En proie à de la distorsion de concurrence avec l'Allemagne, la Cooperl n'a pas souhaité laisser filer ce dossier crucial. "L'Allemagne s'intéresse aux mâles entiers. On ne va leur donner l'occasion de nous marcher dessus". Et face à la hausse des charges, la production de mâles entiers a des atouts indéniables : baisse de l'indice de consommation, réduction des rejets d'azote et de phosphore... "Cela baisse les charges des éleveurs. Avec un aliment à 300 e/t, le moindre 10e de point d'indice a de l'importance. Et puis, il ne faut pas oublier que nous sommes confrontés à la pression environnementale et à celle des "welfaristes". C'est de l'anticipation", précise Patrice Drillet.

Pour ou contre ?

Reprochant mi-figue, mi-raisin, le côté "cachotier" de l'affaire, Fortuné Le Calvé a réagi. "J'aurai aimé que la démarche soit plus collective. Dans les plus brefs délais, toutes les OP et les abattoirs doivent travailler sur ce dossier". Pour Patrice Drillet, la demande faite auprès du CRP Bretagne d'avancer sur le sujet, il y a deux ans, n'a pas porté ses fruits. "On est parti". Quant aux avis, ils sont partagés. Certains approuvent le rôle moteur de la Cooperl alors que le nord de l'Europe et l'Espagne avance rapidement sur le sujet. D'autres reprochent la création de distorsion entre les acteurs amont de la production porcine française. Quoi qu'il en soit, un pavé a été lancé dans la marre.
Emmanuelle Le Corre

(1) Drosme : détection rapide d'odeurs sexuelles de mâles entiers.

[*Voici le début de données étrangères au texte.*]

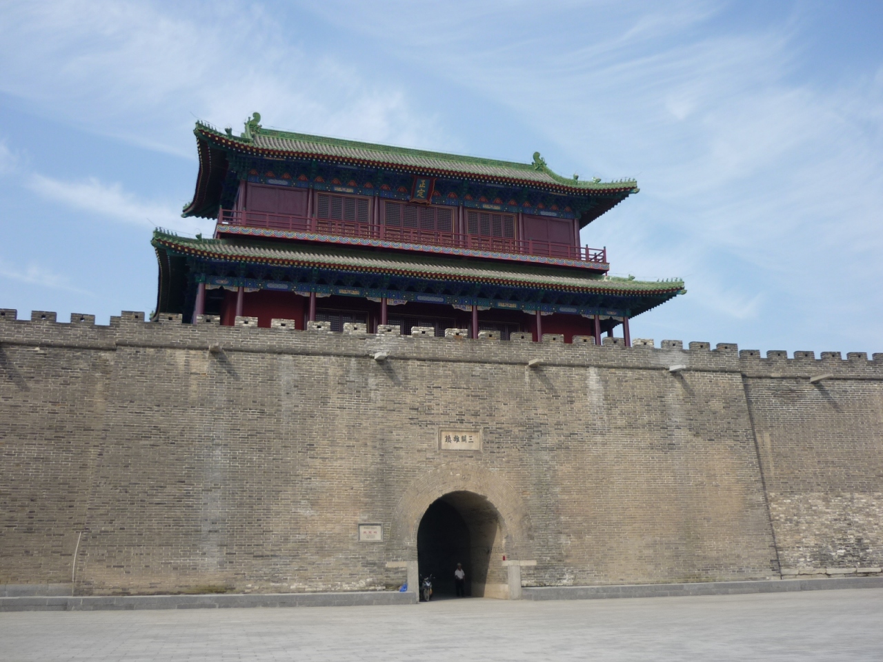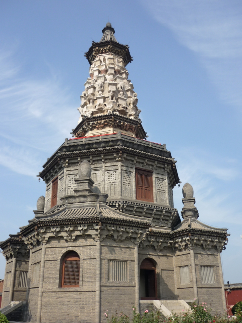 石家荘の中心部、長安公園北西のバス乗り場から132路のバスで一時間、正定県バスターミナル(ターミナルと言っても大きな駐車場という程度)下車。他にも、石家荘南焦バスターミナルから177路のバスで一時間半ほど開元寺下車も可能です。正定県の南側城門のほど近くに、その優美な姿を見せる広恵塔は金の時代、すなわち今から800年ほど前の建築です。八角形の低層の上に今から正に花開かんとする蕾のような形の尖塔を乗せた特徴的な外観を誇ります。中国でもこうした形状の塔は十数基のみとのこと。高さ約40mの塔に登ると、のどかな田園風景が広がります。

Philippe Bizien, nouveau président

A l'issue de son assemblée générale, le conseil d'administration du Comité régional porcin de Bretagne a désigné Philippe Bizien, successeur de Fortuné Le Calvé (président depuis 1997). Philippe Bizien, âgé de 43 ans et père de 2 enfants, s'est installé en production porcine en 1997. Il est actuellement à la tête d'un élevage naisseur-engraisseur, à Landunvez, dans le Finistère.

2 e : la référence "pivot"

Lors de sa dernière AG, Fortuné Le Calvé a rappelé qu'en matière de prix du porc, "la nouvelle barre psychologique va rapidement atteindre 2 e. C'est cette nouvelle référence que doivent intégrer urgemment les opérateurs aval de toute la filière. La flambée des matières premières engagées depuis plusieurs semaines, brutale par son ampleur et sa rapidité, est effrayante pour les éleveurs, car durable".